**What you should do**
For this exercise, retype the lines from the one that holds "Borsa termica con" through the one that holds "Opremljena podesivom kapuljačom" in the records below, both included, exactly and without pictures.

Stored items from a collection:
[Start of Attachment]

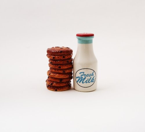 1 X Milk and Cookies Salt and Pepper Shakers is best for youCookies and fresh milk complement any kitchen! This set of ceramic and magnetic salt and pepper shakers is comprised of a jug of fresh milk and a stack of cookies. Measures: 4W x 4H inches.
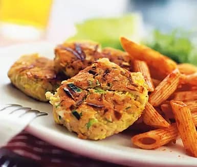 Pasta med majs- och bönbiffar och tomatsås
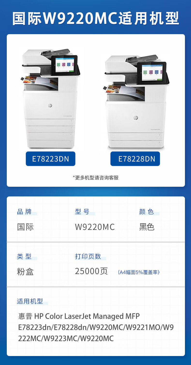 国际 W9220MC 粉盒 碳粉盒适用惠普E78223DN墨粉盒E78228DN粉盒彩色复印机墨盒 W9220MC 黑色粉盒 25000页
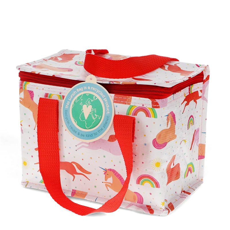 Borsa termica con maniglie e zip, dimensioni 13x21x16 cm, decorata con un tema unicorni. Perfetta per mantenere il cibo o le bevande alla giusta temperatura durante i viaggi o i picnic.
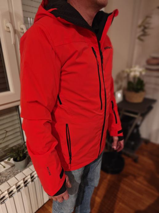 Opremljena podesivom kapuljačom i uskim, elastičnim manžetama, zaštitnom suknjom za snijeg i džepom za skijašku karticu. S izolacijskim punjenjem od 40% vune i 60% recikliranog poliestera, vodootpornošću od 20.000 mm i prozračnošću od 30.000 mm
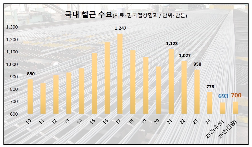 코로나19 기저효과에 2022년까지 1천만톤을 넘겼던 국내 철근 수요는 연이은 건설경기 침체로 2023년 900만톤 중반대로 꺾이더니 2024년 700만톤 후반대에 이어 지난해 600만톤 후반대까지 수직낙하했다.
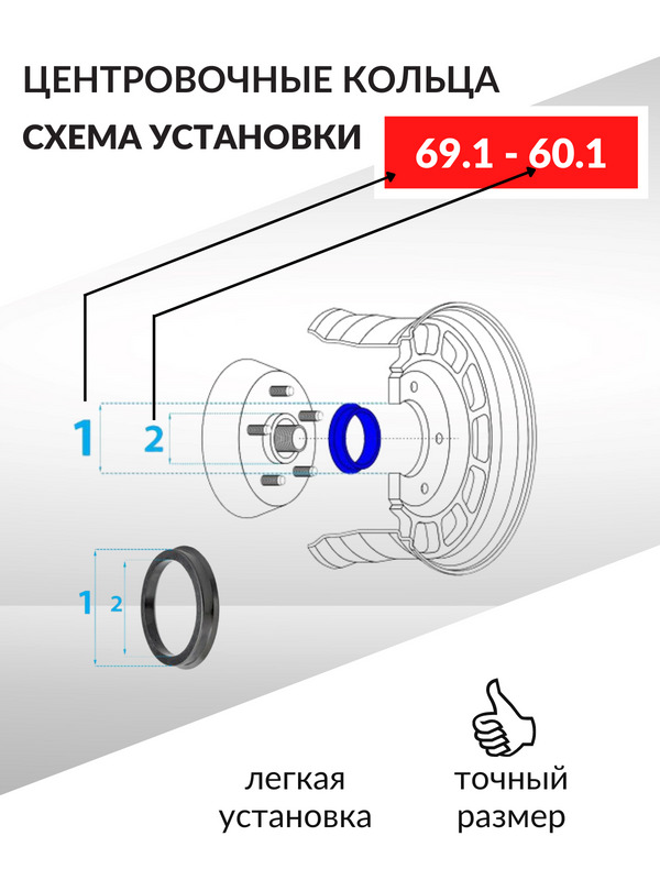 Центровочные кольца для автомобильных дисков 69.1-60.1 - 4 шт.

[End of Attachment]

**Result of the exercise**
 Borsa termica con maniglie e zip, dimensioni 13x21x16 cm, decorata con un tema unicorni. Perfetta per mantenere il cibo o le bevande alla giusta temperatura durante i viaggi o i picnic.
 Opremljena podesivom kapuljačom i uskim, elastičnim manžetama, zaštitnom suknjom za snijeg i džepom za skijašku karticu. S izolacijskim punjenjem od 40% vune i 60% recikliranog poliestera, vodootpornošću od 20.000 mm i prozračnošću od 30.000 mm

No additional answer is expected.